The University of Tennessee's Decay Research Facility was simply known as The Body Farm, and had gone by that name for as long as I could remember. People like me intended no irreverence when we called it that, for no one respects the dead more than those of us who work with them and hear their silent stories. The purpose is to help the living.

That was the point when The Body Farm came into being more than twenty years before, when scientists got determined to learn more about time of death. On any given day its several wooded acres held dozens of bodies in varying stages of decomposition. Research projects had brought me here periodically over the years, and though I would never be perfect in determining time of death, I had gotten better.

The Farm was owned and run by the university's Anthropology Department, headed by Dr. Lyall Shade and oddly located in the basement of the football stadium. At 8:15, Katz and I went downstairs, passing the zoo archaeology mollusk and neotropical primates labs, and the tamarin and mar muses collection and strange projects named with roman numerals. Many of the doors were plastered with Far Side cartoons and pithy quotations that made me smile.
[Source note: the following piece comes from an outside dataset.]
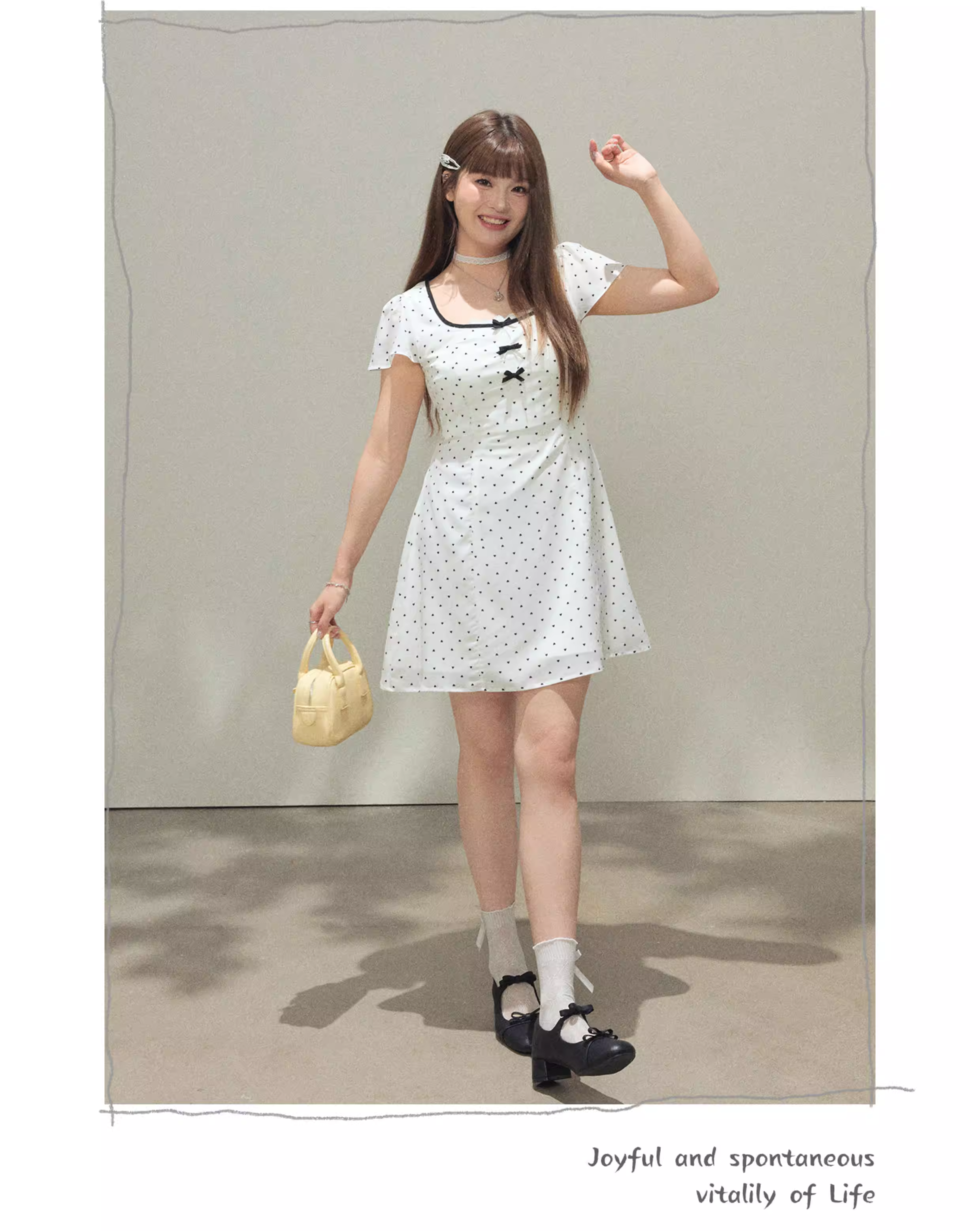 - Quần áo nữ cỡ lớn dành cho người lớn, váy chấm bi kiểu cổ điển thanh lịch và tôn dáng, váy ngắn tay màu trắng dịu dàng.
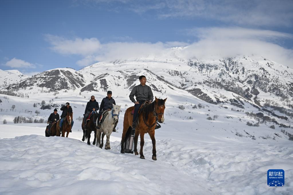3月30日,苏卡(前)和马队队员一起,巡视上山的线路。

We found Dr. Shade at his desk looking over fragments of charred human bone.

"Good morning," I said.

"Good morning, Kay," he said with a distracted smile. Dr. Shade was well served by his name for more reasons than the apparent ironical one. It was true he communed with the ghosts of people past through their flesh and bones and what they revealed as they lay for months on the ground. But he was unassuming and introverted, a very gentle spirit much older than his sixty years. His hair was short and gray, his face pleasant and preoccupied. Tall, he was hard bodied and weathered like a farmer, which was yet another irony, for Farmer Shade was one of his nicknames. His mother lived in a nursing home and made skull rings for him from fabric remnants.

The ones he had sent to me looked like calico doughnuts, but they functioned very well when I was working with a skull, which is unwieldy and tends to roll no matter whose brain it once held.